- ACTIVITY:
Print the listing exactly as it stands. Skip every picture.

- INFORMATION SUPPLIED:
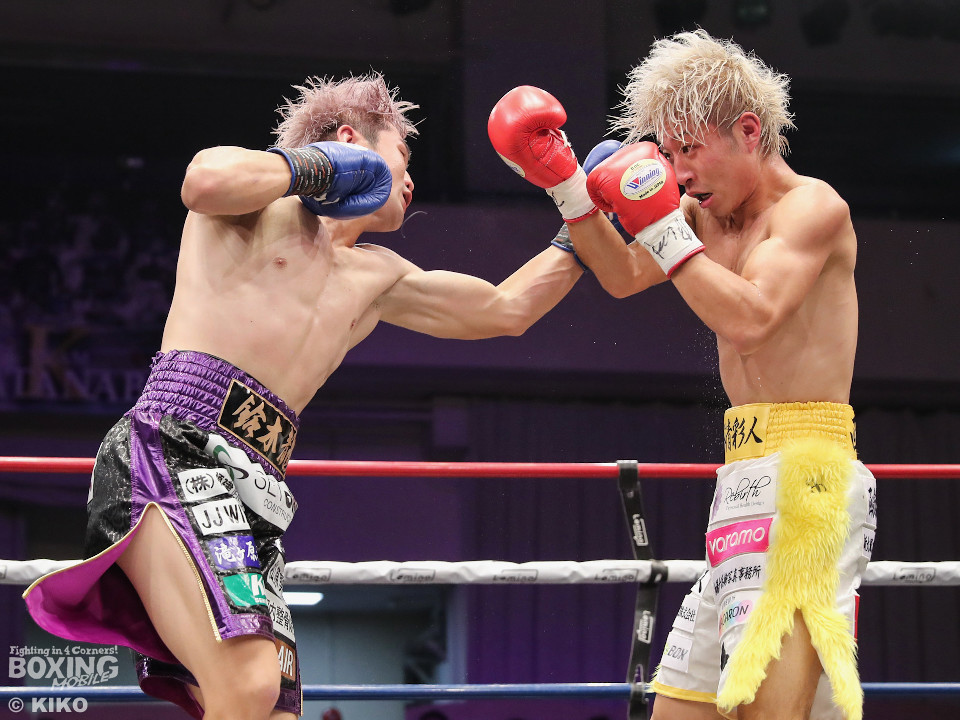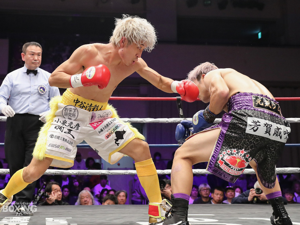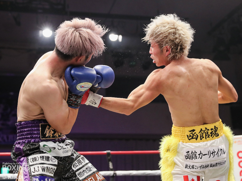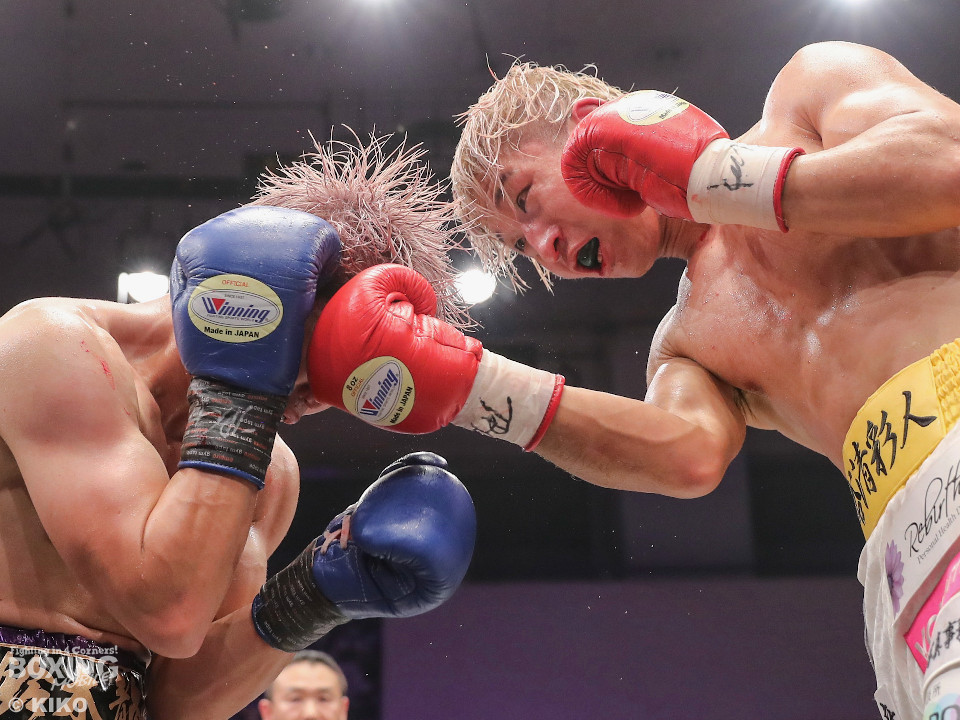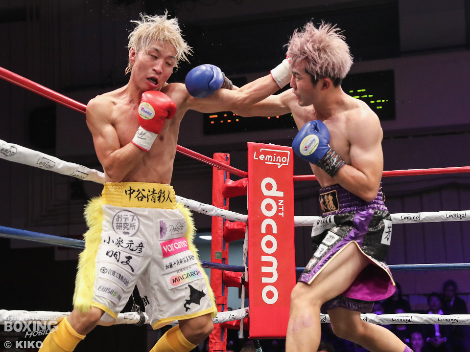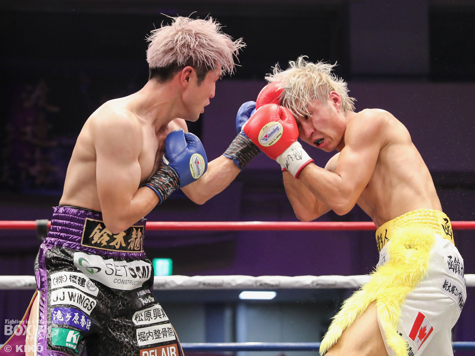 試合:約3年10ヶ月ぶりの再戦は、鈴木が右フックをねじ込むと上下に打ち分け先制。2回、鈴木はコンパクトな左フック、右アッパーを叩き込むと中谷も真っ向から応戦。3回、中谷は打ち下ろしの右ストレートから左ボディを突き刺し反撃。鈴木も負けじとゴリッと前に出て激しい打ち合いに発展。4回も我慢比べの肉弾戦が続きジャッジを悩ませた。5回、鈴木は回転力を活かした連打でグイグイと攻め立ててわずかに抜け出した印象。しかし、ヒッティングで左目上をカット。6回、鈴木はフィジカルの強さを活かし豊富な手数で攻め立てて、粘る中谷を振り切った。激戦を制した鈴木がリベンジに成功した。
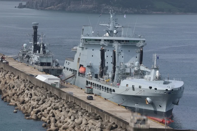 8月13日,韩国釜山,英国护卫舰“里士满”号与“泰德斯普林斯”号舰队油水补给舰停靠釜山海军基地。 IC Photo
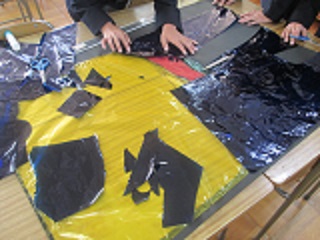 1枚1枚のセロハンを丁寧に貼り付け、

- RESULT FOR THIS EXERCISE:
 試合:約3年10ヶ月ぶりの再戦は、鈴木が右フックをねじ込むと上下に打ち分け先制。2回、鈴木はコンパクトな左フック、右アッパーを叩き込むと中谷も真っ向から応戦。3回、中谷は打ち下ろしの右ストレートから左ボディを突き刺し反撃。鈴木も負けじとゴリッと前に出て激しい打ち合いに発展。4回も我慢比べの肉弾戦が続きジャッジを悩ませた。5回、鈴木は回転力を活かした連打でグイグイと攻め立ててわずかに抜け出した印象。しかし、ヒッティングで左目上をカット。6回、鈴木はフィジカルの強さを活かし豊富な手数で攻め立てて、粘る中谷を振り切った。激戦を制した鈴木がリベンジに成功した。
 8月13日,韩国釜山,英国护卫舰“里士满”号与“泰德斯普林斯”号舰队油水补给舰停靠釜山海军基地。 IC Photo
 1枚1枚のセロハンを丁寧に貼り付け、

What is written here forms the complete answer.